03-19-2019, 06:45 PM
(03-19-2019, 05:23 PM)EvolvingPhoenix Wrote: I am trying to do just this. It gets hard often. And the loneliness makes it like a hundred times worse. I dunno how to deal with the resulting emotions when I try to show myself unconditional forgiveness and compassion or how to describe them. The feelings are very mixed. I want to break down and cry. I try meditation walks and traditional meditation to help. And healing codes. Hopefully they'll prove helpful, as I'm in a lot of pain lately.
I think pain is part of the deal. It's like grief: you have to feel it or it's repressed and becomes toxic. We have to feel pain and in my estimation that never stops—it's just part of the whole. By that I mean accepting the pain as part of being here (or even anywhere—I don't know). Speaking personally, my pain derives from the suffering here of all living things. Nothing I will ever do will eliminate that suffering because it is something larger than me and my actions. I can help beings I come across and maybe mitigate some of the suffering, but that won't miraculously transform the entire system whether the system is random, planned, or dynamic. I have an effect, but I don't think that's the point. The point, to me, is evolution of self as part of a whole; so changing self can affect the whole but changing the whole is not the responsibility of self.
This is a partial explanation of why I seek detachment. I don't seek to put "joy" icing over a cake of "pain." I think we have to be able to feel joy while also accepting the pain—not covering the pain up with joy. "Happiness" can be anesthetizing, making us temporarily blind to pain—but the pain is still there. So to that end, we have to accept ourselves. If we are empathetic, sensitive types, then that's what we are and people who can skate through life with "positive" attitudes and smile all the time are not better, or have less karma, or more evolved than sensitive types who find it difficult to navigate 3D.

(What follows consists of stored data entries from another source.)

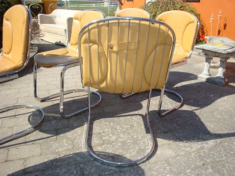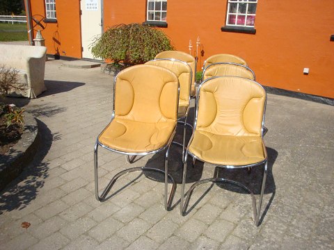 Sold7 pcs chairs with light brown leather and chrome frame Danish design from 1960 5000 m2 showroom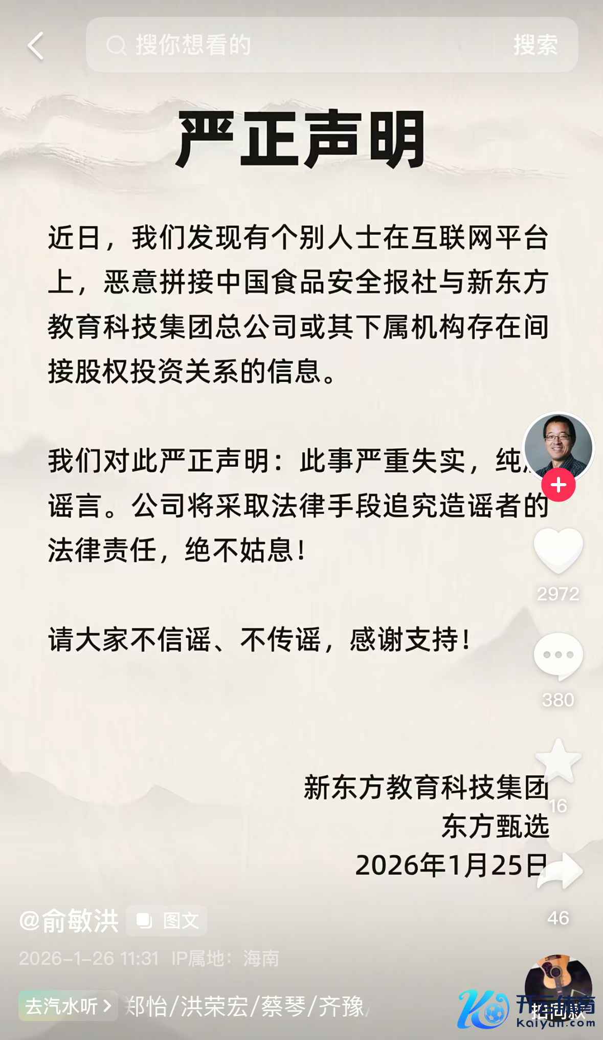 俞敏洪辟谣中国食物安全报社与新东方存在迤逦股权投资干系:严重罪状开yun体育网俞敏洪辟谣中国食物安全报社与新东方存在迤逦股权投资干系:严重罪状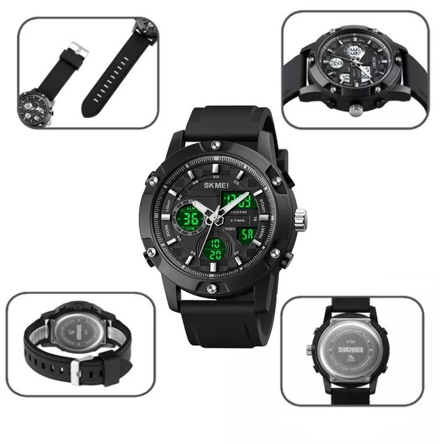 Годинник SKMEI 1757 – не тільки функціональний аксесуар, але й витончений елемент. Цікавий дизайн є відмінністю даної моделі. Класичний чорний колір оригінально виглядатиме не тільки з діловим костюмом, але і одягом стилю casual, а поєднання класичного і цифрового циферблату вигідно виділяє SKMEI 1757 серед різних аналогів.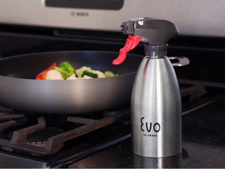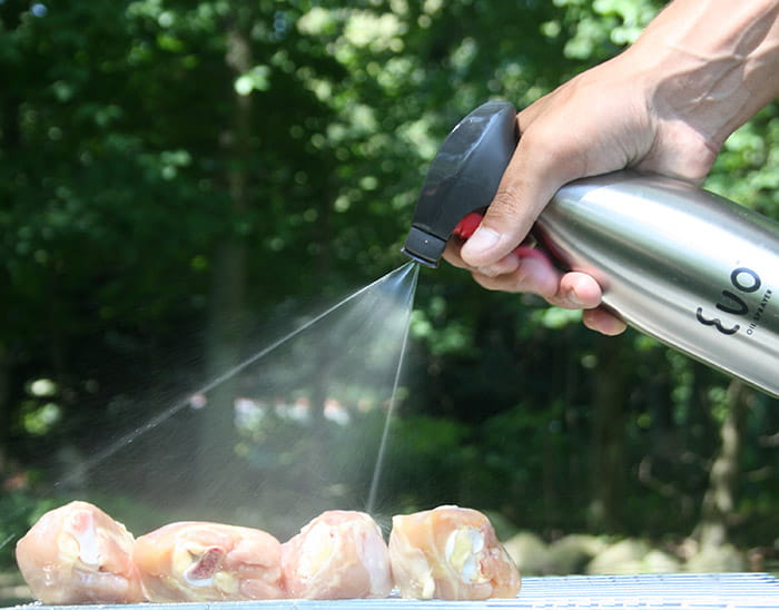 Żeliwne ruszty grilli,  przed grillowaniem należy zwilżyć  jadalnym olejem. Zapobiegnie to przywieraniu grillowanych potraw do rusztów grilla. Możemy to wykonać silikonowym pędzelkiem lub użyć rozpylacz  oleju. Napełniamy pojemnik dowolnym olejem jadalnym, dociskając dużą czerwoną dźwignią  dostarczamy do niego powietrze powodując zasysanie oleju którym rozpylamy ruszty grilla. Rozpylacz oleju EVO SS możemy używać również do aromatyzowania potraw przed grillowaniem, stosując wyszukane olejki ziołowe. Rozpylacz oleju EVO SS posiada aluminiowy zbiornik o pojemności 500 ml zakończony wydajną dyszą spryskującą z dźwignią. Nadaje się również do nawilżania grillowanych potraw, sałat i innych dań.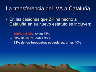 Este documento argumenta que la transferencia del 100% del IVA a Cataluña es injusta porque significa que los impuestos de otras regiones se destinan a la cuarta región más rica de España. Se anima a los lectores a hacer "comercio justo" comprando productos de empresas con sede fuera de Cataluña para que los impuestos se destinen a quienes más lo necesitan en toda España.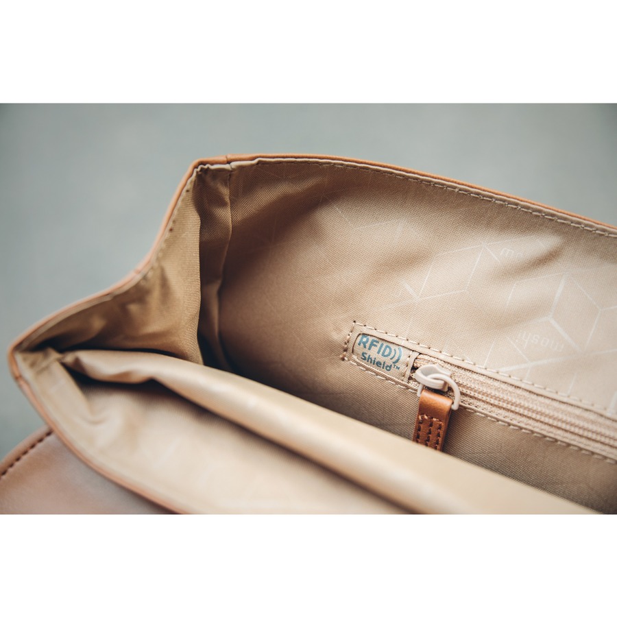 Keep accessories such as pens, chargers, smartphones and cables neatly organized in the bag's numerous internal compartments. The compartments include an RFID Shield pocket that protects your cards against digital snooping.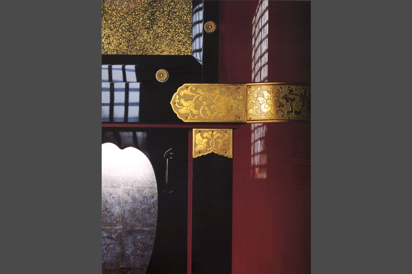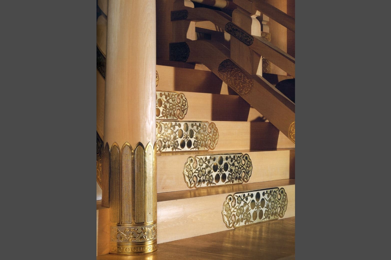 歌舞伎発祥の地・京都南座の改修にあたり、建物内外すべての錺(かざり)金具を担当いたしました。コンセプトは「昭和初期の復元と近代性の融合」。外部金具は漆と金箔で往時の輝きを取り戻し、内部は意匠を一新して現代的な荘厳さを創出しました。膨大な点数ながら全て手作業による一品製作を貫き、開場当日の朝まで調整を重ねる妥協なき仕事で、歴史的劇場の再生を支えました。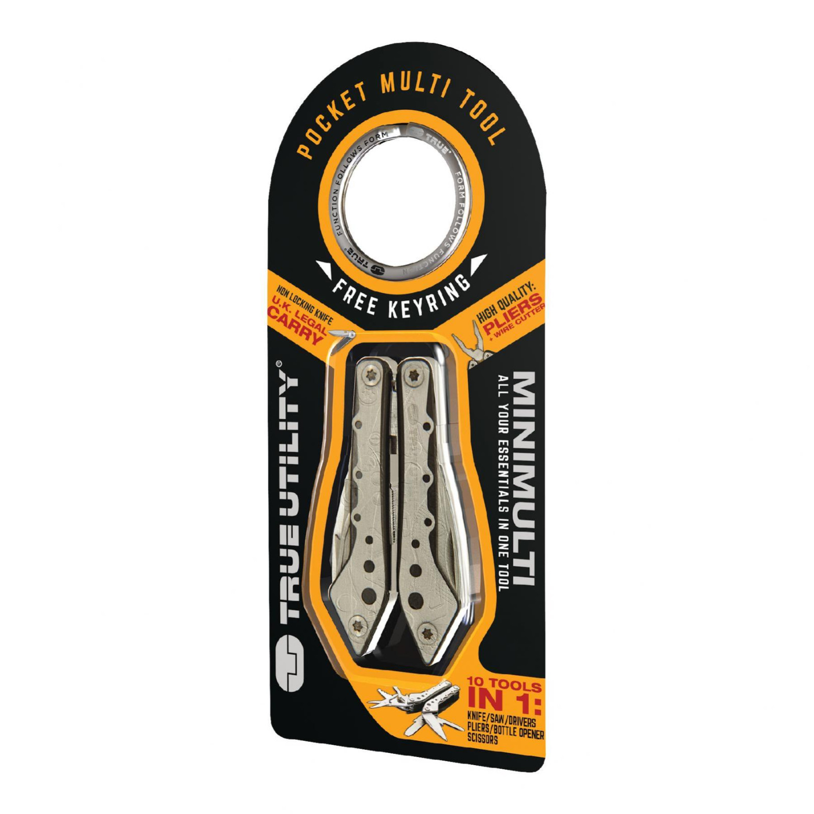 A True Utility Minimulti TU195K különösen kis méretével (összecsukva csupán 7,6x3,8x1,6 cm) tűnik ki, ami lehetővé teszi, hogy zsebben vagy kulcstartón is magával vihesse. A rozsdamentes acélból készült szerszámok ellenállnak az időjárás viszontagságainak, míg az ergonomikus kialakítás biztosítja a kényelmes és biztonságos használatot.

(The following is totally paraphrased and it's been a long time since I read this so I may be off about the details.) Ram Dass talked about meditating in his backyard (or somewhere outside). His (or someone's) cat brought a dying mouse to him and was torturing it as domesticated cats will sometimes do before they eat prey. RD was in a quandary over it. He felt pain/sorrow watching the cat and the poor mouse and came to a realization that maybe that was the point—that he accept and feel his pain. That the point was not to try and take his own pain away by intervening, as the natural animal world is predicated upon predator/prey, but rather to observe self and self's pain, and feel it, accept it and not try to eliminate it or cover it up.
On the other hand, it is possible to mitigate the sorrow of this existence by taking action of some kind. Volunteering, creating beautiful things (paintings, stories, music, painting a room, making an altar, knitting, and so on), walking in nature and interacting with the flora and fauna, the sun, rain, snow, and breathing outdoor air. It's also really important to get physical exercise.